When the epidemic hit, Ms. Ha despite the danger of driving her two children by motorbike to Saigon, in the middle of the epidemic peak at the end of July. The couple had been together for more than a dozen days, then he passed away.

Ms. Ha started to take on the position of breadwinner of the family from the smallest thing, going to the market to buy food every morning. Losing her husband means that her family will lose income, so she will have to go to work here. A friend applied for the job check tickets but only start going to work when the city is fully open. The story of raising an older son also caused her a headache. “The boy used to only listen to his father, now his mother talks when he listens and sometimes doesn’t. I am asking a colleague of my husband’s to come talk to him,” she confided.

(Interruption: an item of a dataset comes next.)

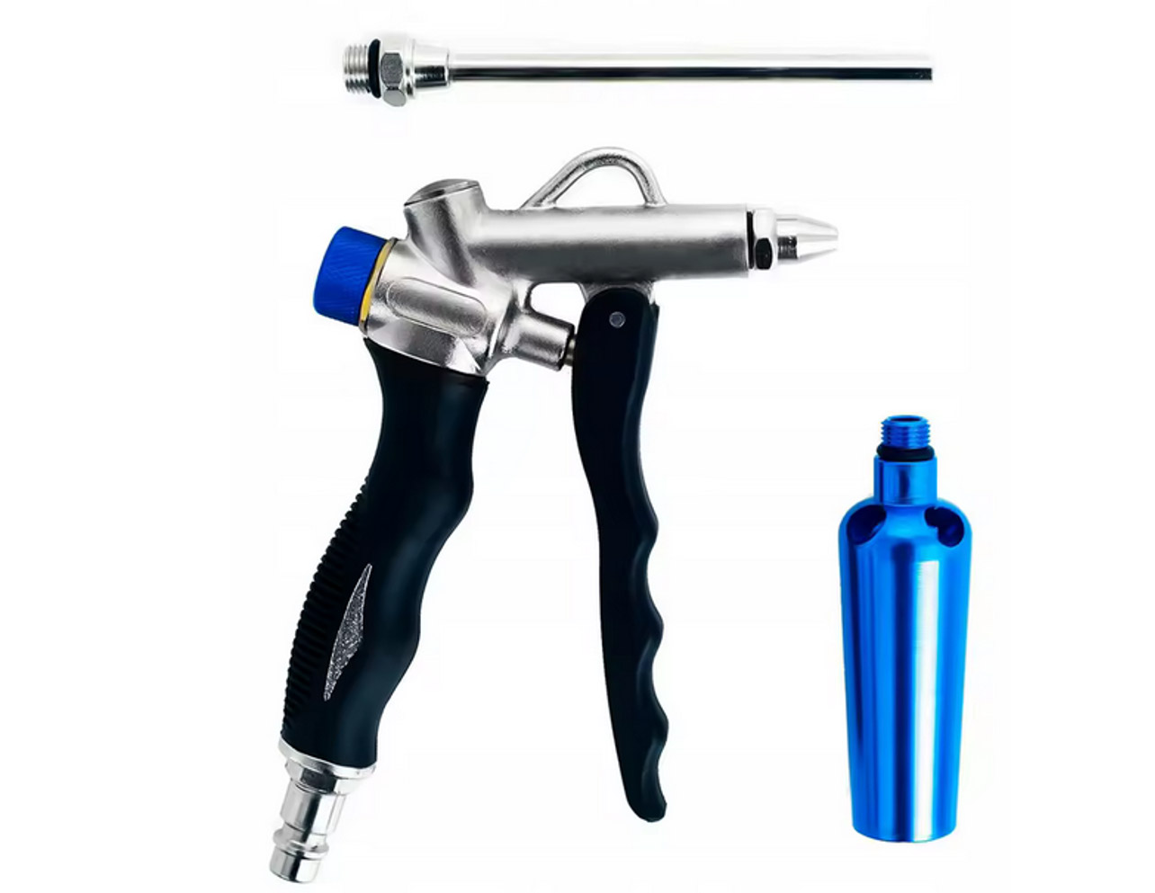 Pistolet do przedmuchiwania z dyszą Venturiego cechuje solidne wykonanie oraz sprawdzona konstrukcja. Pistolet jest wyposażony w dyszę Venturiego przeznaczoną do przedmuchiwania większych powierzchni oraz 2 dodatkowe dysze jedną dłuższą, drugą krótszą. Pistolet został wyposażony w regulację przepływu powietrza. ✅Cechy produktu ⭐ Wyposażony w dyszę Venturiego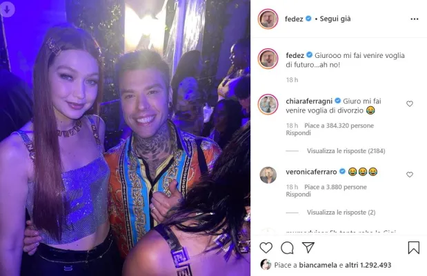 Chiara famosa per la sua gelosia nei confronti del marito ha prontamente commentato pungente: “Giuro mi fai venire voglia di divorzio“, aggiungendo poi una faccina che ride.

In some countries, people who have lost their spouses to Covid-19 have found ways to connect with each other. In the US, there is a Facebook group that gathers thousands of people, where they share sudden separations, no-show funerals, economic worries or single parenting. In India or Indonesia, there are organizations that provide psychological support and help those who have lost their spouses to earn a living. Governments of other countries have also stepped in to support this group to stabilize their lives.

According to Associate Professor of Anthropology and Sociology Nguyen Duc Loc, Director of the Institute for Social Life Research, “Families who suddenly lose their spouses become a social problem and the consequences can last for a few days. decade”.

Ho Chi Minh City is gradually opening up. It seems that most of the attention is focused on plans for economic recovery and reconstruction of social infrastructure to ensure the ability to adapt and live with the epidemic. But in another aspect, the pandemic also affects each family unit, wife losing husband, husband losing wife, children losing parents.

Mr. Loc said that the issue of social security, ensuring livelihoods for these situations should be on the agenda as a priority no less than other priorities when implementing the recovery plan. The proposed solutions should pay attention to the perception and behavioral patterns of each population group. The policy should not only be reduced to simply supporting financial packages, but also needs to be supported and accompanied by psychologists and family social workers.

“It is necessary to put them in the context of the community they live in so that they can quickly adapt to the recovery period of society. That is the support. sustainable,” said the associate professor.